As structured settlement consultants with expertise in Medicare and Medicaid related issues, we participate in hundreds of settlement negotiations for personal injury lawsuits every year. This gives us a very good sense of the latest trends and tactics being used by all the parties and mediators during the process. Every once in a while we come across the defense trying out a new line of attack that strikes us as questionable.
That’s exactly what happened in one of our recent cases. We were helping a client negotiate a settlement for a case involving a woman who had become quadriplegic in a car accident. As a result the plaintiff requires extensive medical care for the rest of her life. The woman’s income was below the poverty level so she was covered by Medicaid insurance providing around the clock home attendants/residential care. During the pendency of the case plaintiff started receiving Social Security Disability benefits as well, which eventually forced her into Medicare as her primary healthcare coverage.
As typically happens in the course of settlement discussions, plaintiff and defense counsel exchanged expert reports in order to flesh out their respective positions on the patient’s anticipated future Life Care Plan, which is the key factor in determining the appropriate level of damages. In this case the defense proffered three experts for exchange: a medical doctor, an economist and an health insurance expert.
All this might sound like exactly what counsel should expect to encounter in the course of settlement discussions, with expert witnesses offering testimony and rebuttal evidence on the estimated future costs of the proposed Life Care Plan. But we immediately noticed a red flag in the witness disclosure filed for the defense, “a health insurance expert.” This health insurance expert testimony was being offered up to rebut the plaintiff’s proposed Life Care Plan and analysis of expenses on the grounds, among others, that such expenses would largely be covered by procurement of health insurance under the Patient Protection and Affordable Care Act of 2010, otherwise known as Obamacare.

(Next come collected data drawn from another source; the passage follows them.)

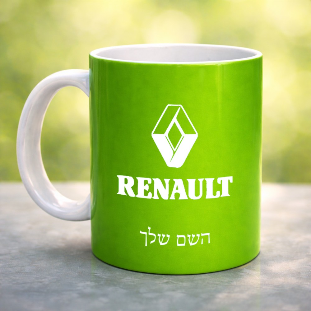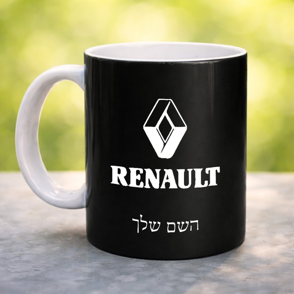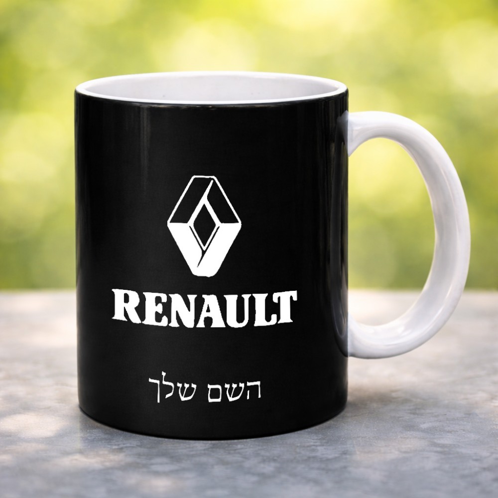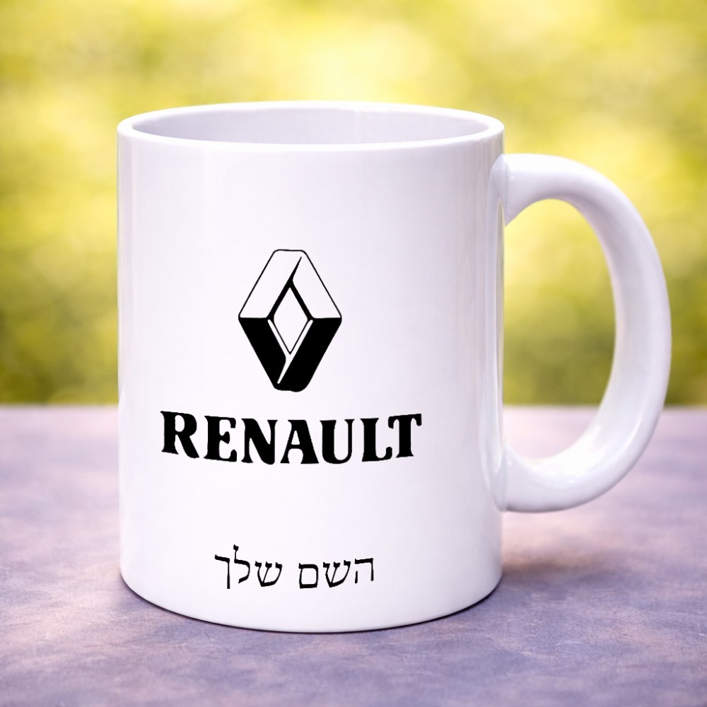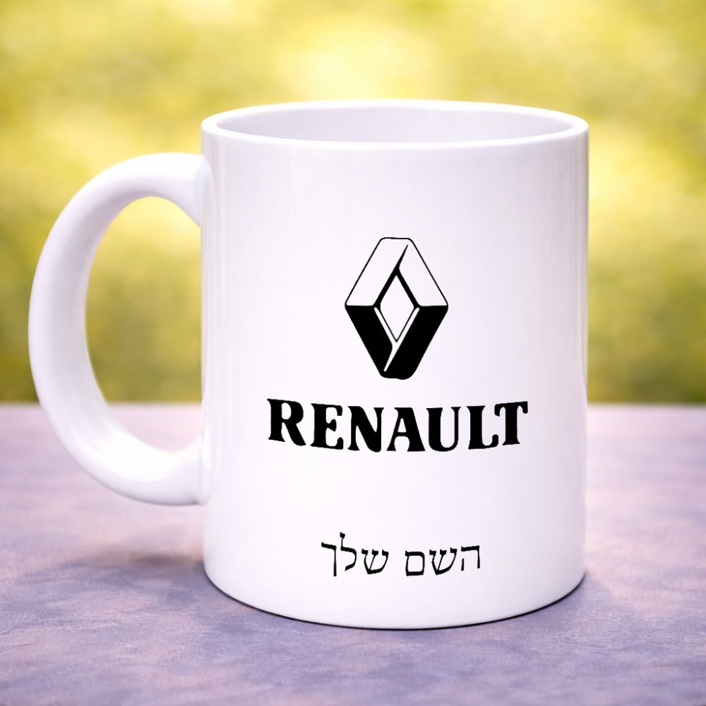 ספל תה \ קפה בעיצוב אישי עם השם שלך בעיצוב רנו גודל הספל 325 מ"ל
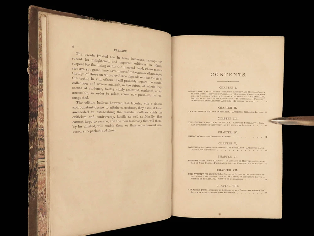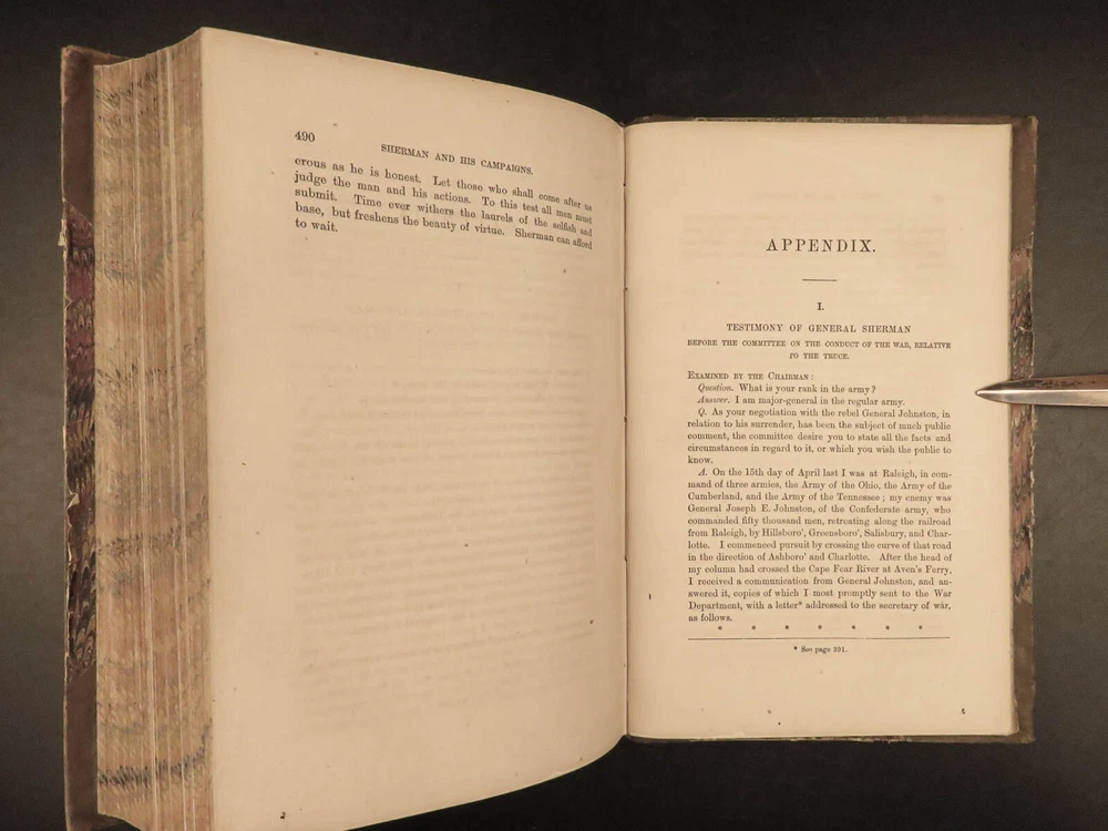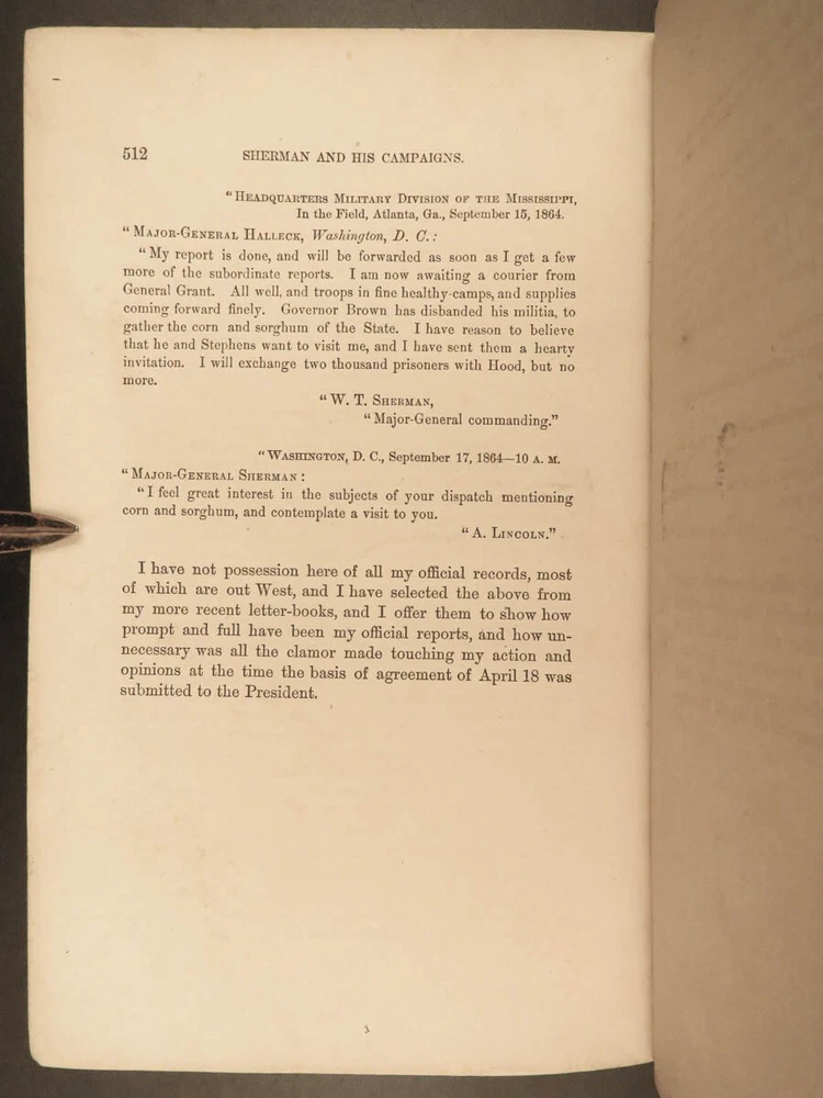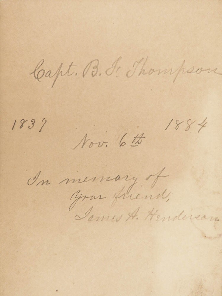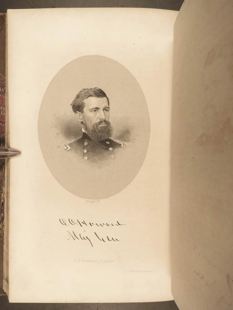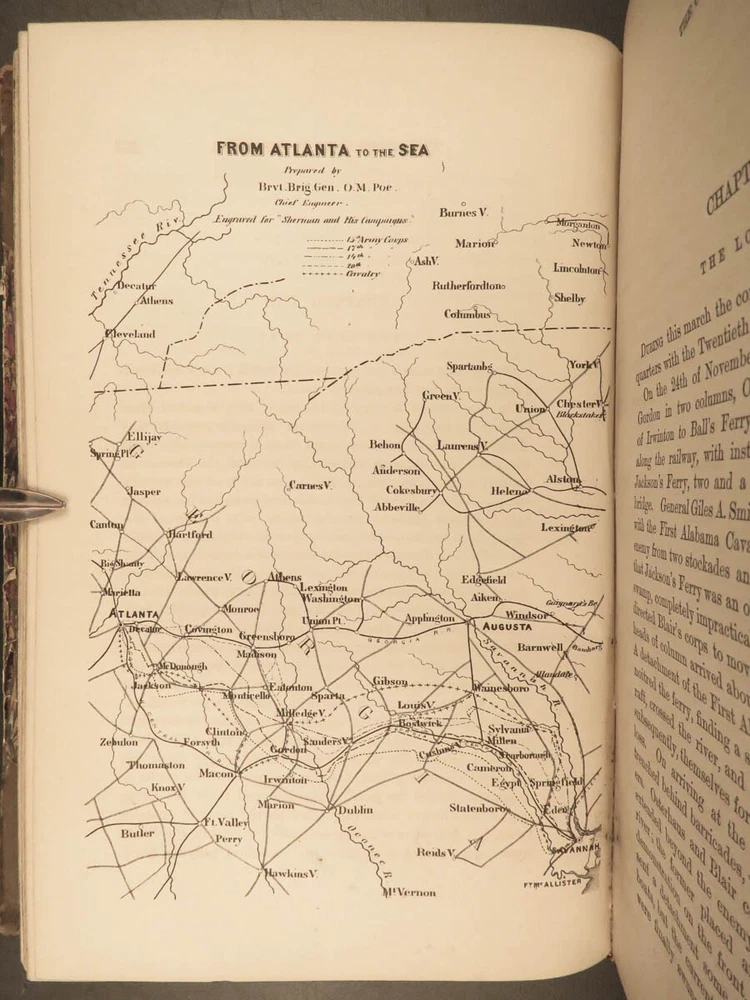1865 PROVENANCE General Sherman 1 st ed Campaigns Civil War Union Military Maps “ Sherman and His Campaigns: A Military Biography ” by Col. Samuel Millard Bowman and Lt.-Col. Richard Biddle Irwin is a meticulously detailed account of the military endeavors of Gen. William Tecumseh Sherman during the U.S. Civil War. Presenting a well-rounded view of Sherman’s life, the authors delve into his strategic genius, innovative command style, and decisive campaigns that earned him recognition as the “first modern general” by esteemed historian B.H. Liddell Hart. The authors go beyond narrating Sherman’s military successes; they intricately explore his character, shedding light on his leadership style and the respect he commanded from his soldiers. The book also offers a defense of Sherman against critics of his truce agreement with J.E. Johnston in 1865, highlighting the authors’ commitment to preserving historical accuracy. A significant contribution to Civil War literature, this first edition offers a thorough and enlightening exploration of one of the war’s pivotal figures. Item number: #30539 Price: $599 BOWMAN, Col. S.M.; IRWIN, Lt.-Col. R.B. Sherman and His Campaigns: A Military Biography New York: Charles B. Richardson; Cincinnati: C.F. Vent and Co.; Springfield: W.J. Holland, 1865. First Edition. Details : · Collation: Complete o [2], 512 o 8 portraits o 5 maps · Provenance: Handwritten o Capt. B. F. Thompson, 1884 § Capt. Bradford F. Thompson of the 112 th Illinois Volunteer Infantry. In 1885, Thompson completed and published a detailed account of the regiment’s service, which his fellow soldiers lauded as being both impressively accurate and comprehensive. A large part of the 112 th ’s service was given to the Atlanta Campaign led by General Sherman, the success of which paved the way for Sherman's March to the Sea and hastening the end of the war. Many of the maps in this volume of Sherman and His Campaigns are dedicated to battles fought during this campaign. o James A. Henderson, 1884 · Language: English · Binding: Leather; secure · Size : ~9in X 6in (23cm x 15cm) Our Guarantee: Very Fast. Very Safe. Free Shipping Worldwide. Customer satisfaction is our priority! Notify us with 7 days of receiving, and we will offer a full refund without reservation! 30539
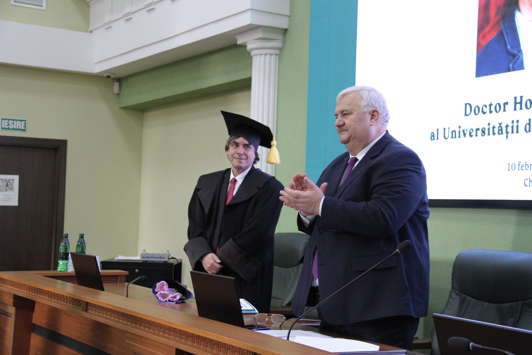 Rectorul Universitatea de Stat din Moldova, Igor Șarov, a menționat în cadrul evenimentului că este o onoare deosebită pentru instituție să-l aibă în comunitatea sa academică pe scriitorul și profesorul universitar Mircea Cărtărescu, personalitate marcantă a literaturii contemporane, a cărui operă și activitate intelectuală reprezintă un reper de excelență, inspirație și dialog cultural autentic pentru mediul universitar.
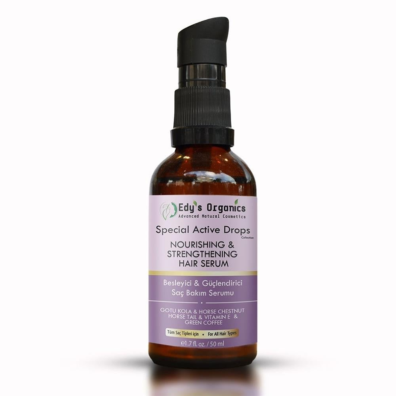 Edy’s Organics Besleyici & Güçlendirici Saç Bakım Serumu, saç köklerini besleyen, güçlendiren ve canlandıran E vitamini açısından zengin saf soğuk sıkım organik ve doğal yağlar, bitki özleri, uçucu yağların bir karışımını içerir.
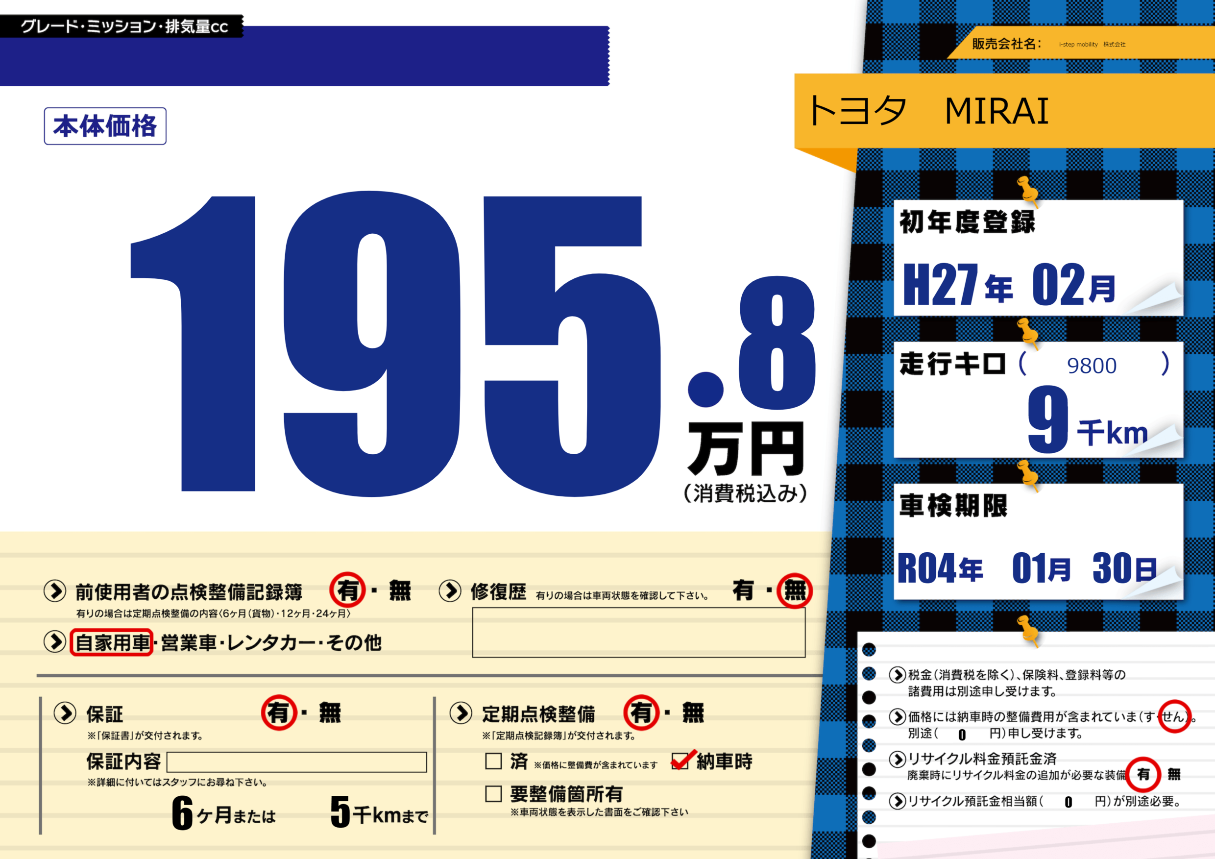 | 車名 | トヨタ MIRAI | グレード ミッション 排気量 |
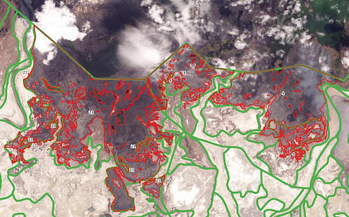 As of today, according to space monitoring data, the area engulfed in fire stands at 2,794.79 ha.

We’ve heard of this particular line of argument being thrown out at mediation by defense but we always shot it down for our clients. What concerned us was how the defense in this case took it further with the exchange of a 3101(d) expert. The gist of the expert’s proffered testimony was that due the availability of coverage under Obamacare, the plaintiff would be able to purchase private insurance since the law now prohibits denial of coverage based on pre-existing conditions. As a result, the defense expert disputed the Life Care Plan costs as unreasonably high on the grounds that a healthcare insurance plan with a market cost of about $550 per month would provide adequate therapy, prescriptions and hospital costs and a supplemental home health care plan for attendants would run about $475 per month.
This is a completely disingenuous line of argument. First of all, given the pending Supreme Court litigation and all the political uncertainty regarding the future status of Obamacare, it strikes us as extremely problematic to base an assessment of one’s anticipated future medical costs on the continued availability of Obamacare mandated insurance coverage. Even more egregious, this line of argument is actually in contravention of current legal requirements inasmuch as the plaintiff, as a recipient of Medicare and Social Security Disability benefits, was completely ineligible for coverage under an Obamacare policy. It simply would be illegal for anyone to sell her such a policy. In addition, New York State is a “collateral source” state so none of the defense’s arguments could ever get in front of a jury and would only be introduced in a post trial collateral source hearing.
Settlement negotiations for plaintiffs who are covered by Medicare and Medicaid can be very tricky. I hope the defense bar doesn’t start a trend with Healthcare experts. There are a lot of nuances involved in the regulations and requirements for both the past (subrogation of liens) and preservation of one’s government eligibility (Special Needs Trusts or Set- Asides). In fact, plaintiff’s attorneys not only should be aware of what defense is trying to do but also should be using Medicare and Medicaid issues as a sword to maximize their settlements and protect their clients.
Caveat plaintiff’s counsel. Beware of health insurance experts proffering bogus expertise!